Nextflow distinguishes between two different kinds of channels: queue channels and value channels.

Queue channel

Queue channels are a type of channel in which data is consumed (used up) to make input for a process/operator. Queue channels can be created in two ways:

  1. As the outputs of a process.
  2. Channel factory methods Channel.of or Channel.fromPath.

Value channels

The second type of Nextflow channel is a value channel. A value channel is bound to a single value. A value channel can be used an unlimited number times since its content is not consumed.

Task 4.1

What type of channel would you use to store the following?

  1. Multiple values.
  2. A list with one or more values.
  3. A single value.
  1. A queue channels is used to store multiple values.
  2. A value channel is used to store a single value, this can be a list with multiple values.
  3. A value channel is used to store a single value.

Navigate to the nextflow file to the 04_channels.nf file (Hint: Ensure your working directory is, training/sgsss-workflow/scripts/). Again this file path will likely look different if you have set up on your local computer.

Creating Channels using Channel factories


Channel factories are used to explicitly create channels. In programming, factory methods (functions) are a programming design pattern used to create different types of objects (in this case, different types of channels). They are implemented for things that represent more generalised concepts, such as a Channel.

Channel factories are called using the Channel.<method> syntax, and return a specific instance of a Channel.

The value Channel factory

The value factory method is used to create a value channel. Values are put inside parentheses () to assign them to a channel.
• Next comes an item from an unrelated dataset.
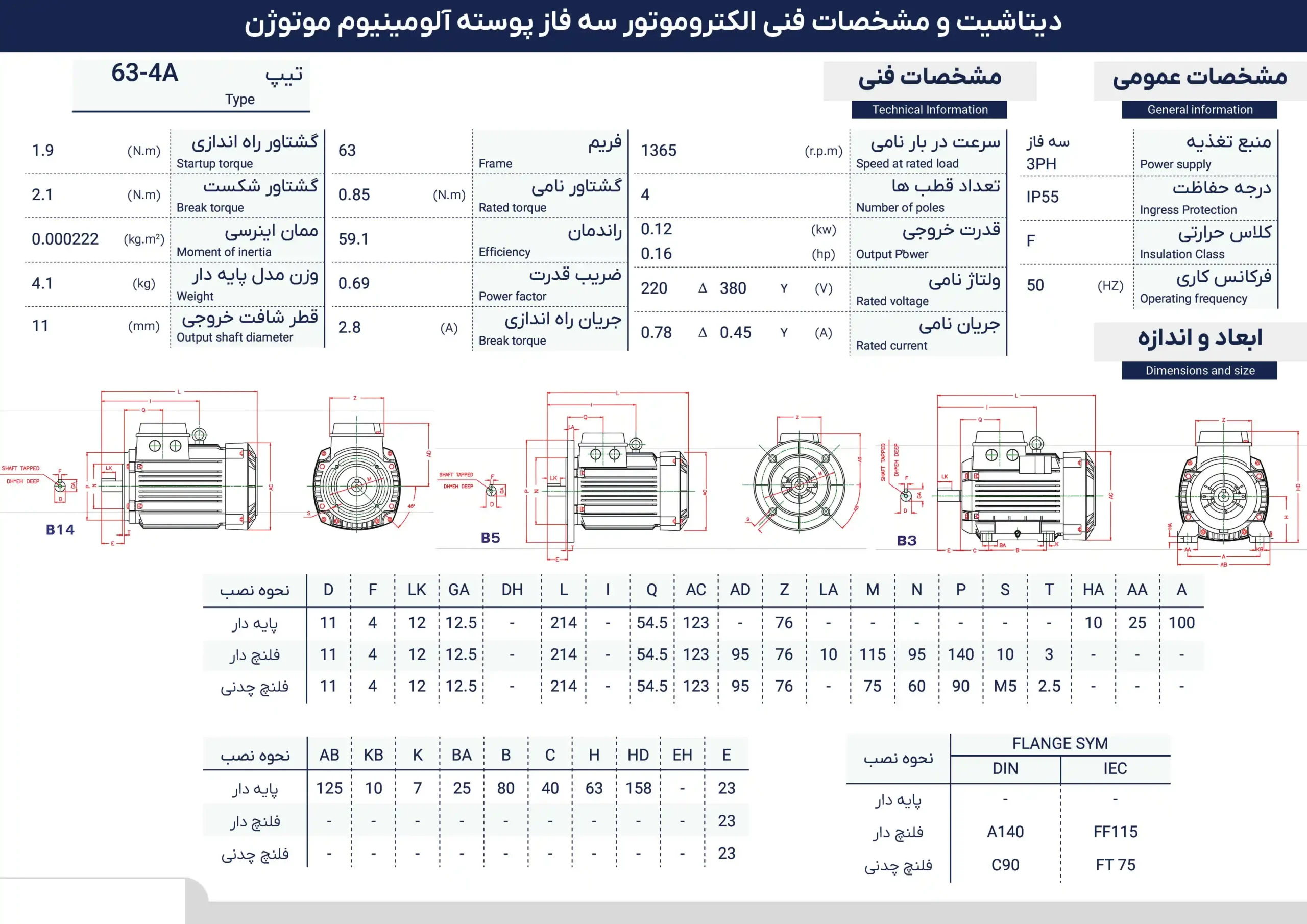 الکتروموتور موتوژن سهفاز ۰.۱۸ اسب (۰.۱۲ کیلووات) – پوسته آلومینیوم ۱۵۰۰ دور

  1. Creates a value channel and binds a string to it.
  2. Creates a value channel and binds a list object to it that will be emitted as a single item.
  3. Creates a value channel and binds a map object to it that will be emitted as a single item.

The value method can only take 1 argument, however, this can be a single list or map containing several elements.

Reminder:

  • A List object can be defined by placing the values in square brackets [] separated by a comma.
  • A Map object is similar, but with key:value pairs separated by commas.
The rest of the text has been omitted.